W lutym ubiegłego roku WNBA ogłosiła, że zebrała 74 miliony dolarów kapitału inwestycyjnego. Komisarz Cathy Engelbert zobowiązała się do przeznaczenia części tych pieniędzy na działania marketingowe. Liga musi stale przyciągać fanów, aby się rozwijać, a ogólna strategia marketingowa pomaga dać zawodniczkom szanse, zwabić niedoszłych widzów i utrzymać WNBA na znaczeniu w spokojnych okresach.




Ochroniarz Washington Mystics Natasha Cloud jest jedną z wielu gwiazd WNBA grających dla AU w 2023 r. (Jade Hewitt/Athletes Unlimited)

9. Zawartość poza sezonem

W mojej ostatniej rozmowie z Angel McCoughtry, weteranka WNBA zwróciła uwagę na to, że liga nie promuje zawodników poza sezonem. Sezon WNBA jest krótki w porównaniu z innymi dużymi ligami sportowymi, a od października do kwietnia następuje wyraźny zastój w relacjach. Ponieważ coraz więcej zawodniczek decyduje się pozostać w kraju, a nie brać udział w zagranicznych rozgrywkach, jest wiele historii wartych opowiedzenia. Zawodniczki biorą udział w sezonie koszykarskim 2023 Athletes Unlimited, prowadzą wiele przedsięwzięć biznesowych, angażują się w działalność nadawczą, łączą się ze swoimi uczelniami jako trenerzy i mentorzy, podejmują pracę w modelingu i modzie itd. WNBA (i więcej niezależnych mediów) mogłyby dostarczać fanom aktualnych informacji, odsłaniając kurtynę życia zawodniczek, kiedy nie grają w piłkę.
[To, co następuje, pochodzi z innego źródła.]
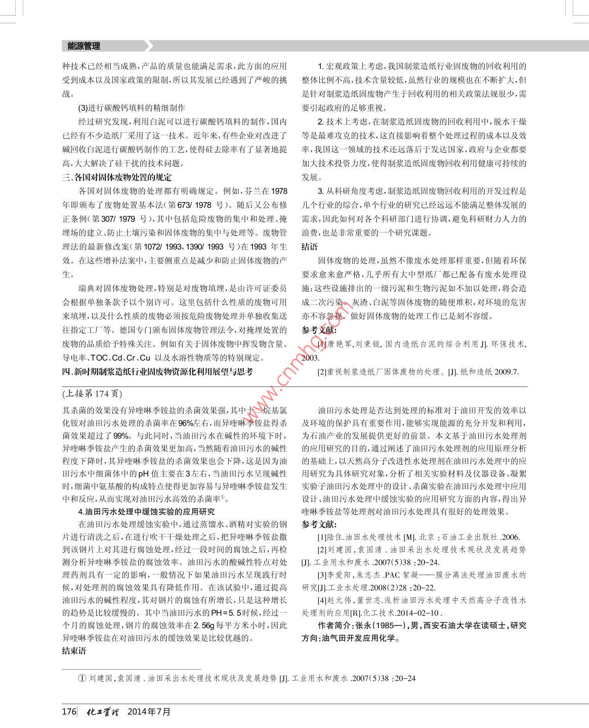 能源管理油田污水處理劑應(yīng)用方法研究張永(西安石油大學(xué)化學(xué)化工學(xué)院710065)(延長油田股份有限公司靖邊采油廠718500)摘要:隨著油田開發(fā)的程度逐漸加大,為經(jīng)濟(jì)提供了有力的天然高分子改進(jìn)性水處理劑作為分析對象,以天然高分子F691資源保障但是與此同時,由于油田采油污水的產(chǎn)生對水資源造成為原料,通過相關(guān)的化學(xué)反應(yīng)從而制取得到陽離子型油田污水處了嚴(yán)重的污染。在處理由于污水的過程中個,采用先進(jìn)的油田污理劑——異喹啉季銨鹽,在此基礎(chǔ)上,對異喹啉季銨鹽進(jìn)行油田水處理劑可以高效、環(huán)保地對油田污水進(jìn)行處理,本文就是基于污水處理應(yīng)用方法的硏究分析。該視角的基礎(chǔ)上,主要介紹了油田污水處理劑中具有代表性的天1相關(guān)實(shí)驗材料及儀器設(shè)備然高分子改性水處理劑在其中的應(yīng)用方法,希望為油田污水處理在對制取得到陽離子型油田污水處理劑——異喹啉季銨鹽劑在油田污水處理中的研究提供相關(guān)參考信息。的過程中,要用的主要化學(xué)試劑主要有陽離子型聚丙烯酰胺,該關(guān)鍵詞:油田污水;處理劑;天然高分子改進(jìn)性水處理劑種陽離子型聚丙烯酰胺需要滿足其平均相對分子質(zhì)量達(dá)到300萬,并且其陽離子型聚丙烯酰胺的制取濃度是0.3%左右,還需要油田污水處理劑應(yīng)用概述制取異喹啉季銨鹽,該異喹啉季銨鹽的濃度在0.5%左右,乙二胺對石油進(jìn)行開采的過程中,通常使用注水開發(fā)的方式。但是陰離子緩沖劑以及十二烷基氯化銨等化學(xué)試劑。在該試驗中主在運(yùn)用注水開發(fā)的過程中,經(jīng)常要面臨兩大難題:其一是注水開要的設(shè)備儀器主要包括PHS29A酸度計,用于溶液攪拌的攪拌發(fā)水源的解決難題;其二就是怎樣解決處理注入水與開采完后排機(jī)、光電式濁度儀,細(xì)菌標(biāo)準(zhǔn)測試瓶以及標(biāo)準(zhǔn)腐蝕掛片鋼出水的排放問題。采油污水經(jīng)過處理后再用于油田的注入水時2凝絮實(shí)驗在油田污水處理中的應(yīng)用分析如果該油田污水沒有達(dá)到油田回注水的標(biāo)準(zhǔn)時候,就會導(dǎo)致堵塞首先,把油田污水處理劑——異喹啉季銨鹽加入到油田污水地層出油通道,降低注水效率以及使用的開采量。采用傳統(tǒng)的處理樣本中,以每分鐘250轉(zhuǎn)的轉(zhuǎn)速對該油田污水處理樣本進(jìn)行油田污水處理方法,無論是物理水處理技術(shù)還是生物法來進(jìn)行污一分半鐘的攪拌,實(shí)現(xiàn)把油田污水中異喹啉季銨鹽藥劑充分的分水處理,這些處理方式所需要的成本較高,時間比較長,其油田水散,然后,再以每一分鐘70轉(zhuǎn)的轉(zhuǎn)速對該油田污水處理樣本進(jìn)行處理工藝流程一般可以表示為“隔油---過濾'或者隔油---浮10分半鐘的攪拌,在此基礎(chǔ)上,把該油田污水處理樣本進(jìn)行靜置選---過濾,其主要把油田污水中的油和懸浮物去除。在采用處分層,最終得到上層的清液,把剩下的油田污水中的成分進(jìn)行濁理劑對油田污水進(jìn)行出的過程中,利用化學(xué)試劑添加水處理劑的度的檢測。方式,把油田污水中的乳化油以及其他的膠體等溶解性去除掉,從給該實(shí)驗中可以發(fā)現(xiàn),異喹啉季銨鹽對于油田污水的效果通常采用混凝沉淀、化學(xué)氧化、離子交換的具體手段,利用絮凝與相同條件下陽離子型聚丙烯酰胺處理效果相比更具有高效劑、氧化劑以及殺菌劑等水處理劑進(jìn)行處理。其污水處理過程可性。因為在每升石油污水中添加陽離子型聚丙烯酰胺為5mg的以分為三段式油田污水處理和二段式油田污水處理流程。其中時候,石油污水處理后的之后濁度是8度,與此同時相同條件下三段式污水處理流程可以表示為:異喹啉季銨鹽對于油田污水處理后的濁度只是3度。如果在每混凝劑升油田污水中加入過量的陽離子型聚丙烯酰胺,就會導(dǎo)致絮凝惡油田污水一一次障迪三次混碳沉淀除油一過濾→注水站化現(xiàn)象的出現(xiàn),而且這種絮凝惡化現(xiàn)象比在油田污水中加入過量圖1三段污水處理工藝流程的異喹啉季銨鹽更加嚴(yán)重。所以從異喹啉季銨鹽這兩個方面的段油田污水處理化過程可以表示為優(yōu)勢考慮,在對油田污水處理過程中進(jìn)行絮凝凈化來說,使用異足凝劑喹啉季銨鹽更加高效和環(huán)保3殺菌實(shí)驗在油田污水處理中應(yīng)用分析油田污水混凝沉淀除油過濾}→注水站在研究美國關(guān)于石油工程協(xié)會絕跡稀釋法的基礎(chǔ)上,對油田圖2二段污水處理工藝流程利用油田污水中具有比較高的礦化指數(shù),其中氯離子含有量污水處理中的細(xì)菌指數(shù)含量進(jìn)行檢測,把已經(jīng)稀釋好的油田污水比較大的特點(diǎn),有針對性地把凝絮劑加入油田污水中,通過吸附測試瓶置于恒溫箱中進(jìn)行培炎和觀察,在此過程中保持恒溫箱的電中和作用,壓縮雙電層以及吸附架橋的作用,把油田污水中的溫度在30攝氏度,經(jīng)過半個月的培養(yǎng)以后,再對該培養(yǎng)液進(jìn)行SRB數(shù)值的測定。在對油田污水進(jìn)行處理劑的應(yīng)用過程中,采用乳化油等雜物去除。二、天然高分子改進(jìn)性水處理劑在油田污水處理中的應(yīng)用研究的殺菌劑通常是一種叫做十

10. Emocjonalny, psychiczny i fizyczny powrót BG do zdrowia

Brittney Griner została niesprawiedliwie zatrzymana w Rosji na początku lutego 2022 r. i po 10 miesiącach została ostatecznie zwolniona 8 grudnia. Nie potrafię sobie nawet wyobrazić emocjonalnych, psychicznych i fizycznych konsekwencji jej uwięzienia i mam nadzieję, że odzyska zdrowie we wszystkich trzech aspektach swojego życia. Zachęcająco było przeczytać jej oświadczenie, że zamierza w tym sezonie grać w WNBA w drużynie Mercury, a także zobaczyć, że po wzięciu piłki do ręki po raz pierwszy od prawie roku zrobiła wsad. Moim największym życzeniem świątecznym jest to, aby BG w pełni wyleczyła się z tego doświadczenia i w końcu rozkoszowała się radością z powrotu na boisko.

Lyndsey D’Arcangelo jest autorką tekstów w Just Women’s Sports, zajmuje się WNBA i koszykówką uniwersytecką. Współpracuje również z The Athletic i jest współautorką książki „Hail Mary: The Rise and Fall of the National Women’s Football League”. Proszę śledzić Lyndsey na Twitterze @darcangel21.